##### DATA #####

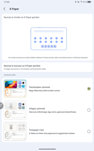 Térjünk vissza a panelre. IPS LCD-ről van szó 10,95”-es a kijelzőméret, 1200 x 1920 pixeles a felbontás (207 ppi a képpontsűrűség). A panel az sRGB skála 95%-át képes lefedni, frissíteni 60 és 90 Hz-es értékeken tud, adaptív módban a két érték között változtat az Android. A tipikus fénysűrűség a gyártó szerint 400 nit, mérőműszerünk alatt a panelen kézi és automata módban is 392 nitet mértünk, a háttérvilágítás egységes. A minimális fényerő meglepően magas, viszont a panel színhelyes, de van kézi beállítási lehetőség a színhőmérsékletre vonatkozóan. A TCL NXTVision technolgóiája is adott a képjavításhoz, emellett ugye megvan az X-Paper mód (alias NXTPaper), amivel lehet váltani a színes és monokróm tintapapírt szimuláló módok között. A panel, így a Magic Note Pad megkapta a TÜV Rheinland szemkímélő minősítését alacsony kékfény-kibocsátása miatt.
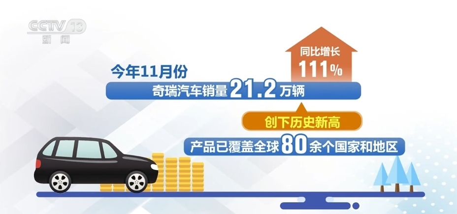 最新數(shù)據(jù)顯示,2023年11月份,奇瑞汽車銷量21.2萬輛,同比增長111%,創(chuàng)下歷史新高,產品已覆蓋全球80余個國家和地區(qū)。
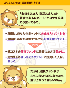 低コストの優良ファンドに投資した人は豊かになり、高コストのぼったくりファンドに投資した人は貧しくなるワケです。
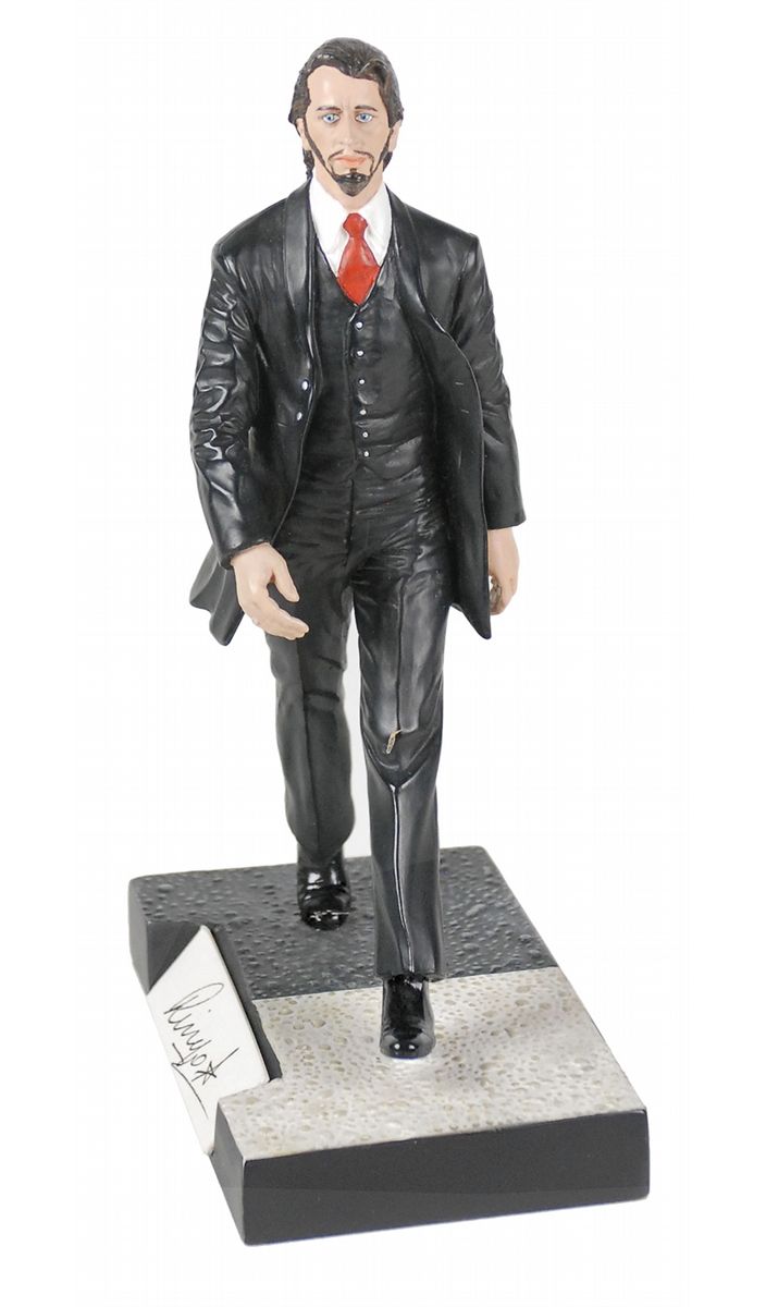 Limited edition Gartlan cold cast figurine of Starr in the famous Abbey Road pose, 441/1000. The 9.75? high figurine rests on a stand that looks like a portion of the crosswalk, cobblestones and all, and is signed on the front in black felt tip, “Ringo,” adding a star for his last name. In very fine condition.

#####
##### DATA #####

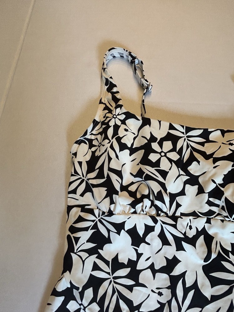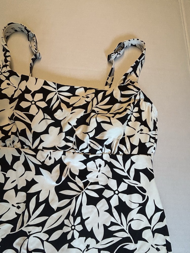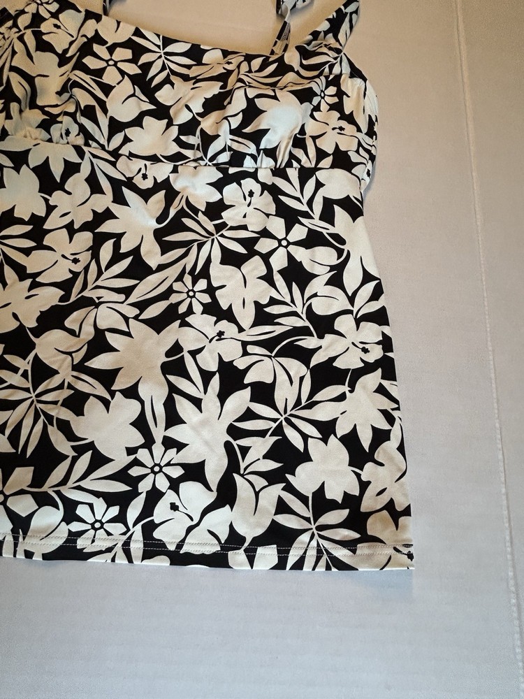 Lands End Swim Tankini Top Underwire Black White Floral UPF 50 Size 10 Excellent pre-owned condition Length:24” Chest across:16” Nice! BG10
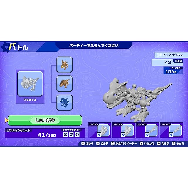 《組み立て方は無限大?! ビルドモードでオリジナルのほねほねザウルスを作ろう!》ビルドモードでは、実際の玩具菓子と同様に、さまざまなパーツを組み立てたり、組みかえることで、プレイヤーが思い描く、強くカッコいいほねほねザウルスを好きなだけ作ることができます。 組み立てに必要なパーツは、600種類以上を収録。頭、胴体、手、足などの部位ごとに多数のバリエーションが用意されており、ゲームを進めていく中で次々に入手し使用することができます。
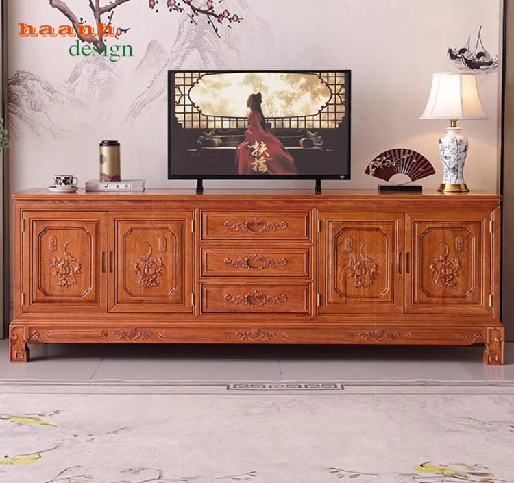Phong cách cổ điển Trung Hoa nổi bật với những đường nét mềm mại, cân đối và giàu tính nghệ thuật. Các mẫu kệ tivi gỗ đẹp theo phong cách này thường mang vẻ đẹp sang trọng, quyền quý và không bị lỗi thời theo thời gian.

#####
##### DATA #####

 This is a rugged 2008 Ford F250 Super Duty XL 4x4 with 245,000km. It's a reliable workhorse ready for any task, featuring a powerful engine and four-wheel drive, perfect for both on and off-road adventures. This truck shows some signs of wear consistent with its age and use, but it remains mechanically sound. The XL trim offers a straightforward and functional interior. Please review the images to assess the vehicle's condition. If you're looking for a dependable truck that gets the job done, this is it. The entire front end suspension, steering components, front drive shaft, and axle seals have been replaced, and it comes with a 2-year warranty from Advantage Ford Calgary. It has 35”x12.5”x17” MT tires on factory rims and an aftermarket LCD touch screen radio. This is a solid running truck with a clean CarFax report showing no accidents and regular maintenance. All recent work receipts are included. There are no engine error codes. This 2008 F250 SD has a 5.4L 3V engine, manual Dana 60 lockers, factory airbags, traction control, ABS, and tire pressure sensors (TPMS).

#####

Beginning with the line holding "低コストの優良ファンドに投資" in the material above, restate word for word each line through the line holding "Limited edition Gartlan", and exclude pictures.

 低コストの優良ファンドに投資した人は豊かになり、高コストのぼったくりファンドに投資した人は貧しくなるワケです。
 Limited edition Gartlan cold cast figurine of Starr in the famous Abbey Road pose, 441/1000. The 9.75? high figurine rests on a stand that looks like a portion of the crosswalk, cobblestones and all, and is signed on the front in black felt tip, “Ringo,” adding a star for his last name. In very fine condition.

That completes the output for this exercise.